- DevelopmentReform Issues
- November 9, 2009
- 6 minutes read
Cairo 2050: public parks, a little green and some controversy
One of the government’s most ambitious projects to date is already receiving controversy over the treatment of citizens in impoverished areas across Cairo. The project, Cairo 2050, aims to have a “cleaner, greener, better Cairo” by the mid-century mark, but in the process, thousands of people are being forced from their homes under the guise of development. It is irking many, who see the project as an attempt to displace people in favor of increasing tourism.
Cairo 2050, spearheaded by the ministry of housing, intends to redistribute the city’s population, create 50,000 feddans of green area, move industry outside city limits and add 15 metro lines and two new railway stations in order to improve the quality of life and allow the capital to enter the global cityscape of the world’s best.
According to the ministry, each Cairo resident has only 30 square centimeters of green space, far below the international standard minimum of 12 meters square. Needless to say, the city wealthiest residents are looking at the project with optimism.
“If we leave the situation as it is, in the year 2022 we will probably be living in a city of 28 million people. We have to do something, this is not a choice, this is not something we can wait on. We must move now,” Housing Minister Ahmed el-Maghraby told a conference at the American Chamber of Commerce in 2007, even before the project was fully initiated.
Cairo’s population has been burgeoning over the past few decades. Government statistics show that the capital accounts for 22 percent of the country’s total population and 43 percent of all urban population. The housing ministry attributes much of this growth to the fact that over half of all Egyptian universities lie in the Greater Cairo area, 43 percent of all jobs are in the capital and 46 percent of all hospital beds.
One of the minister’s aides said that the projects are not aimed at one particular individual or one single government. “It is for everyone and it will make for a better city and country,” the official said, asking that he remain anonymous as he was not authorized to speak with the media.
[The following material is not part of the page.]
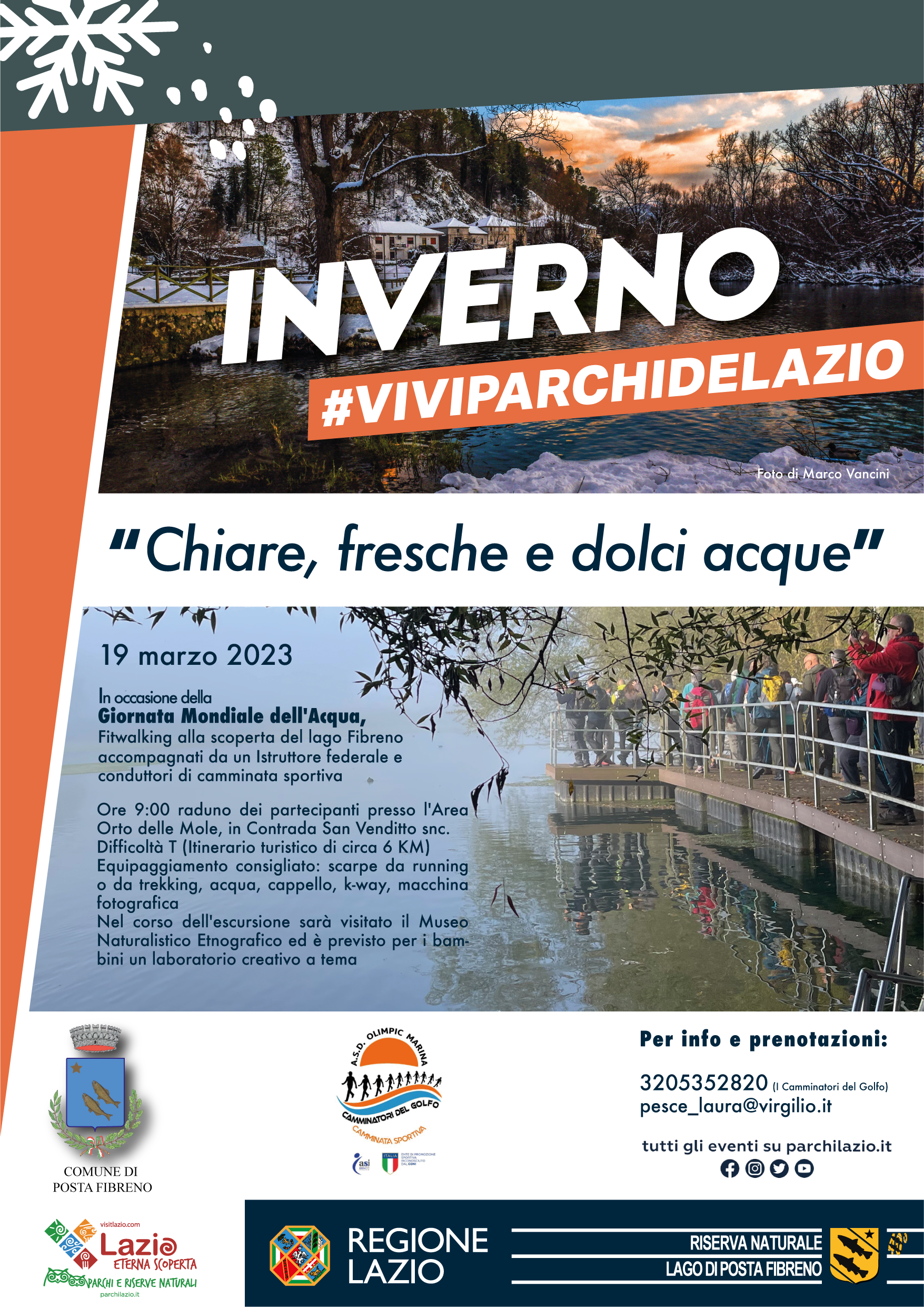 “CHIARE, FRESCHE E DOLCI ACQUE” è la camminata organizzata in collaborazione con I Camminatori del Golfo ASD Atletica Olimpic Marina, Minturno, che consentirà agli amanti della disciplina sportiva del Fitwalking di conoscere il lago Fibreno e le sue sorgenti.
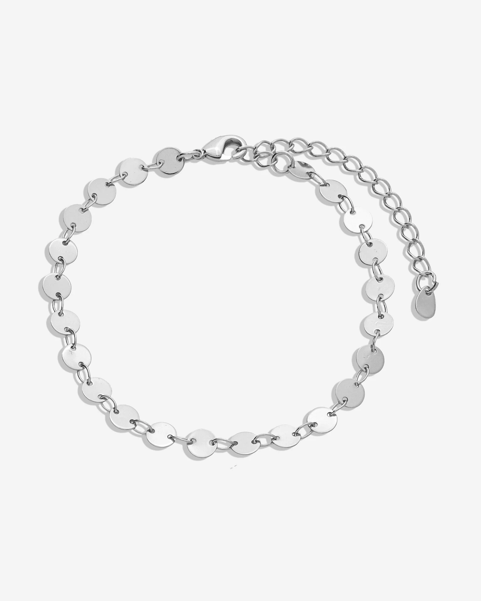 Pulseira Gipsy, em banho de ouro 18k e ródio com corrente composta por mini discos dourados , que refletem a luz com movimento.

The minister was unavailable for comment.
Despite the optimism that Cairo 2050 has established in the city, controversy in recent months has been growing after the government announced last year the relocation plans of shantytowns near the pyramids and residents of al-Warraq and al-Dahab islands in the Nile across from the lush Maadi suburb.
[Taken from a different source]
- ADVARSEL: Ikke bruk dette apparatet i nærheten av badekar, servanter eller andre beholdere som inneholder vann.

This is part of the project, to relocate cemeteries, create housing programs, make Old and Islamic Cairo as well as the Giza pyramids an open-air museum and build a new airport west of Cairo. However, in almost all these areas thousands of people are currently residents with nowhere to go.
The ministry says adequate compensation will be granted to those forced to relocate. They cited the current open-air museum project in Luxor as an example of how this process would work. According to the ministry, those individuals and families will be compensated with an apartment equal to where they were living.
In Luxor, this process has gone all but smoothly, with families forced to cramp into one apartment, although they had previously lived in their own separate apartments.
Likewise, near the pyramids, the government wants to dismantle the shantytowns and horse and camel stables nearby. This fact worries Salah Abdel Salam, a 55-year-old stable owner who earns nearly all his income from tourists.
“What do they expect me to do, move to a new area? Where am I going to keep my horses and how am I going to make my income? It is ridiculous,” he says, as the massive stone edifices loom in the distance. Already by 8 in the morning dozens of tourists have paid the fees to ride horses in the sands around Egypt’s most famous structures.
“The idea is fine, but at what cost are they going to create this new Cairo? I want to believe this will turn into something good, but at this point, I don’t see anything good coming from the government’s efforts to make our city better. It hasn’t happened in the past 50 years, so why in the next 50?” he asks.
Down the Nile lie two islands, al-Warraq and al-Dahab. The green revealed on their lush banks is where the government hopes to create massive public parks, but for the 4-5,000 residents, the question of survival is on their minds.
For them, their worries are similar to Abdel Salam’s. They wonder where they will go and what they will do. The ministry says the compensation they will receive will be enough for them to continue their way of life, but with little or no details emanating from the ministry over money, it is unclear what the next move will be for the people.
However, not all residents near the pyramids and the islands are pessimistic about government efforts. One man, referring to himself as Ali, said he welcomes the opportunity to go somewhere new “in order to make a better life.” He argued that life is hard on al-Dahab and he wants his children to have more opportunities.
“We don’t have a school. We don’t have a hospital, so it is a chance for us to start a new life. I know there are people here who do not agree with me, but I think it will help create a new destiny for our lives and I want that for my children.”
Like many government projects, trust and faith in the powers that be continue to remain strained. Residents in the proposed relocation areas are yet to believe in the government’s claims to implement proper compensation. Others are concerned over the implementation of proper urban-planning, something that has left Cairo cramped and crowded for decades.
The ministry has attempted to calm worries, saying that the new project will “benefit all Cairenes equally.” Time will tell whether the ambitious project will improve Cairo or continue the stark lines that separate the rich and poor in Africa’s largest city.